The MES of Russia was a federal body implementing the executive functions relating to the development of state policy and to legal regulation in the following spheres: scientific, scientific and technical and innovative activity, the development of federal centers of science and high technology, state scientific centers and so called "science-cities" and intellectual property, youth policy, education, guardianship and tutorship, social support and social protection of students and pupils of educational institutions.

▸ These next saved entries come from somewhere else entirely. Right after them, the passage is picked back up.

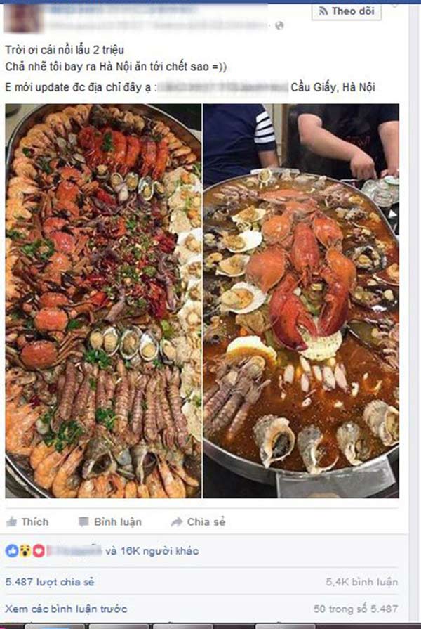 Những hình ảnh bắt mắt này được đăng tải bởi một Facebooker không mấy nổi danh, có lẽ đang sống ở một thành phố khác ngoài Hà Nội, và đã hút về hơn 5.000 lượt chia sẻ và bình luận, 16.000 lượt like chỉ trong vòng 1 ngày. Với dòng cảm thán rất đỗi đáng yêu: "Trời ơi cái nồi lẩu 2 triệu, chả nhẽ tôi bay ra Hà Nội ăn tới chết sao?" và hai bức ảnh, Facebooker này đã khiến hàng nghìn người nhao nhao rủ nhau đi chiêm ngưỡng tận mắt, ăn tận miệng nồi lẩu này, nhất là sau khi địa chỉ của quán bán nồi lẩu độc nhất vô nhị này ở ngay Cầu Giấy, Hà Nội.
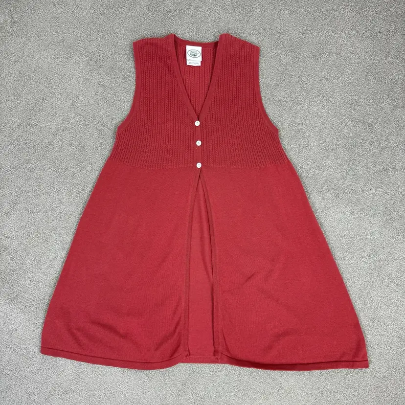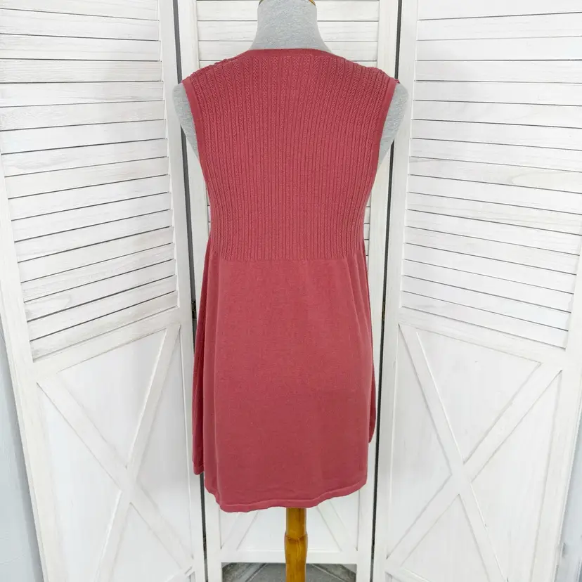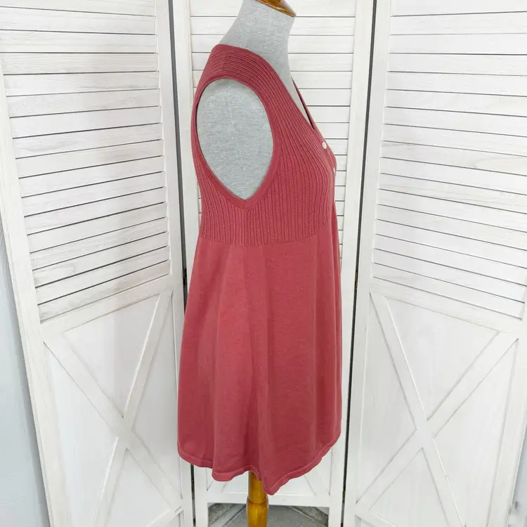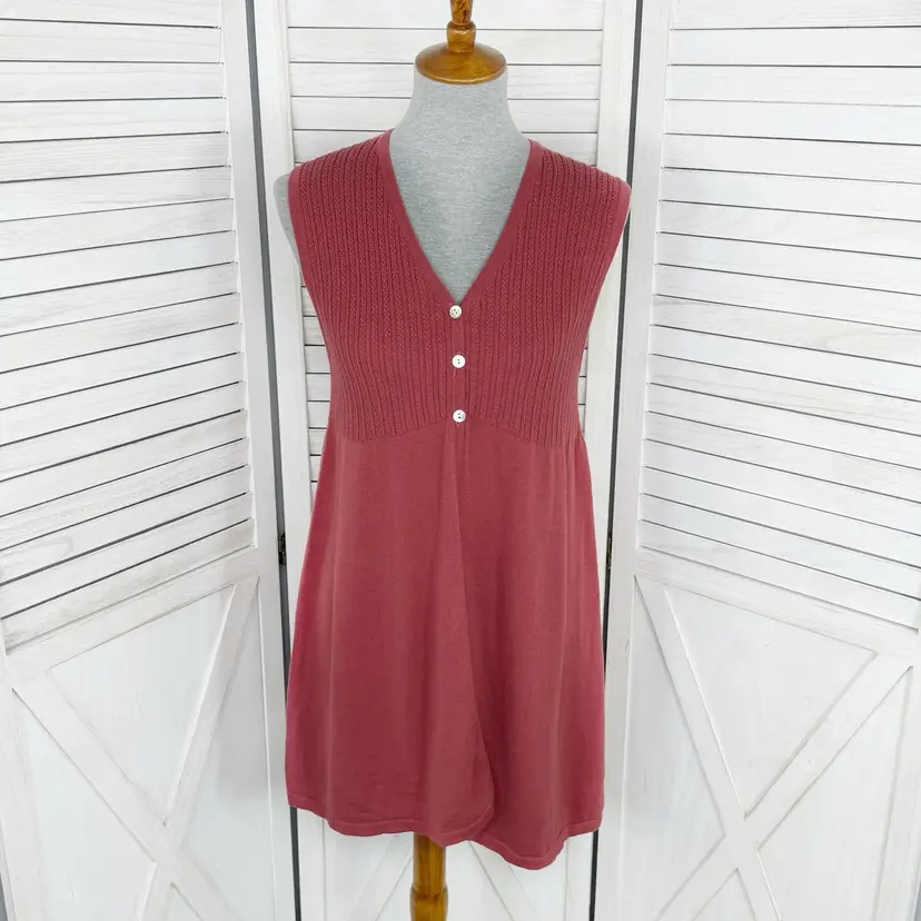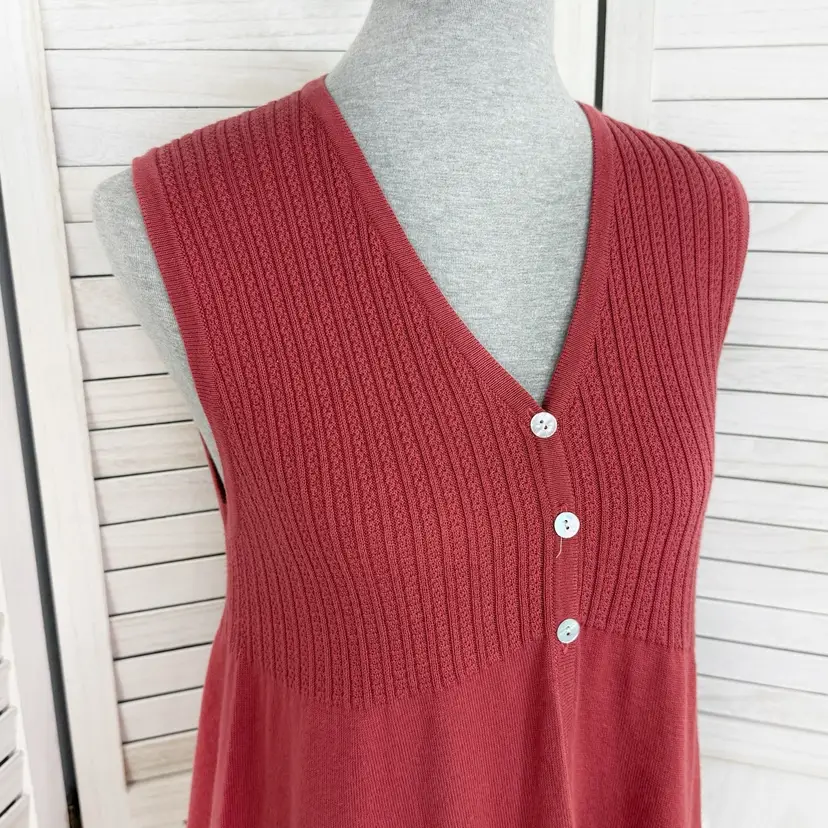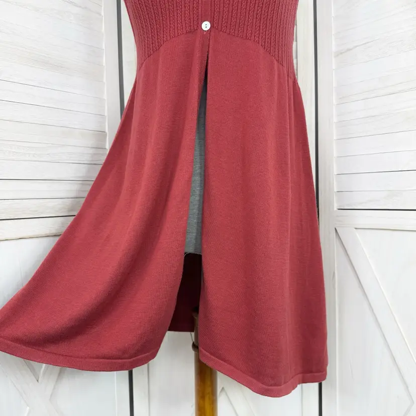 Dark dusty rose rust Cable knit top tight smooth knit bottom Sleeveless V neck 3 button upper Open front lower 100% cotton Tunic length
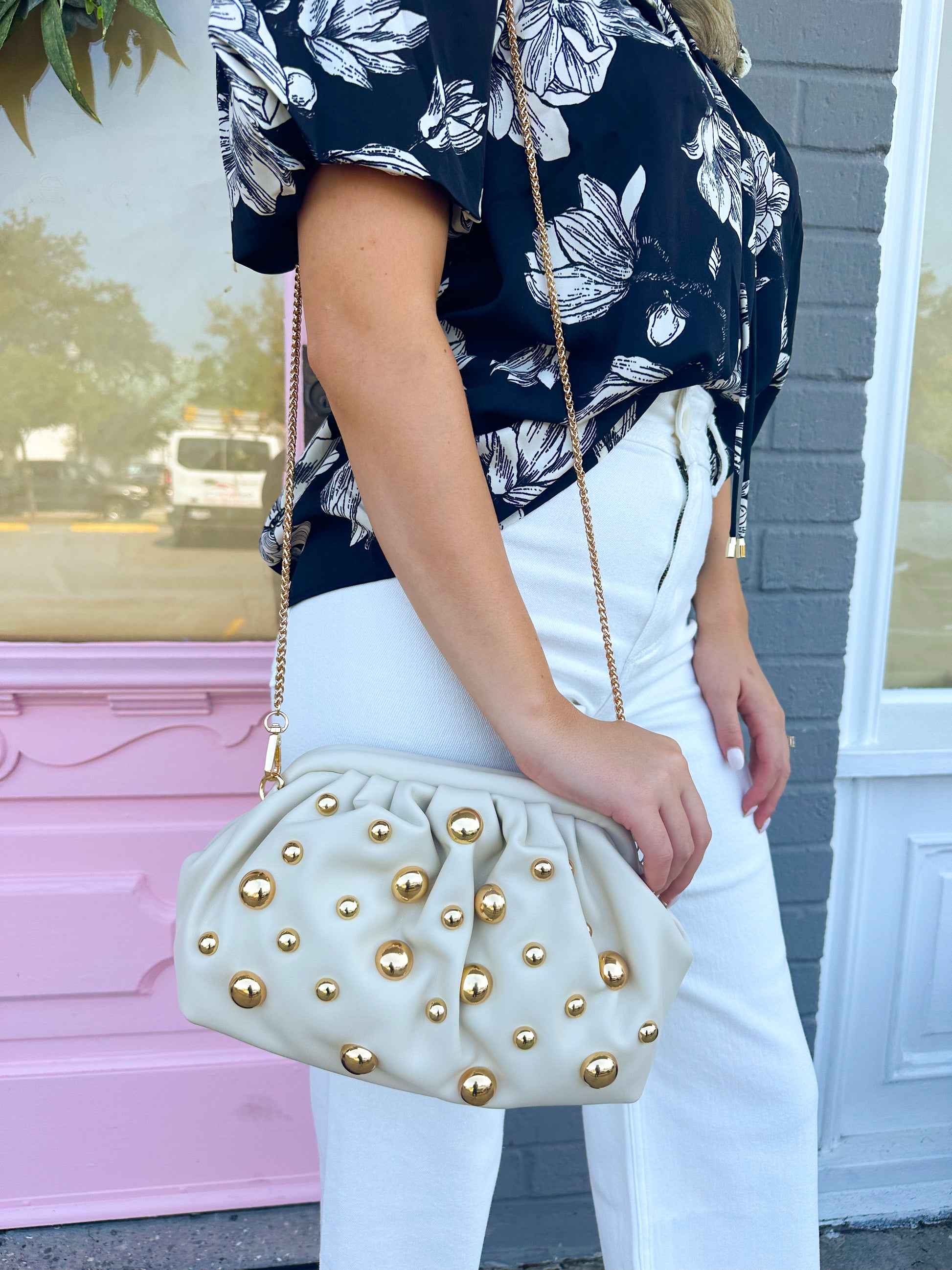 Indulge in luxury with the Carey Crossbody bag! This cream crossbody features elegant gold studs, bringing a touch of sophistication and style to any outfit. Perfect for on-the-go fashionistas who want to make a statement.

The Ministry of Education and Science of Russia was a federal executive authority responsible for the state policy development and normative and legal regulation in the sphere of education, research, scientific, technological and innovation activities, nanotechnology, intellectual property, as well as in the sphere of nurturing, social support and social protection of students and pupils of educational institutions. The Ministry assumed responsibility for the demolished Federal Science and Innovations Agency and the Federal Education Agency as per the Decree of the President of the Russian Federation on March 4, 2010 №271.

The work of the Ministry of Education and Science of the Russian Federation was governed by the Constitution of the Russian Federation, Federal Constitutional Laws, Decrees by the President of the Russian Federation, international agreements concluded by the Russian Federation as well as the Statute of the Ministry of Education and Science of Russia.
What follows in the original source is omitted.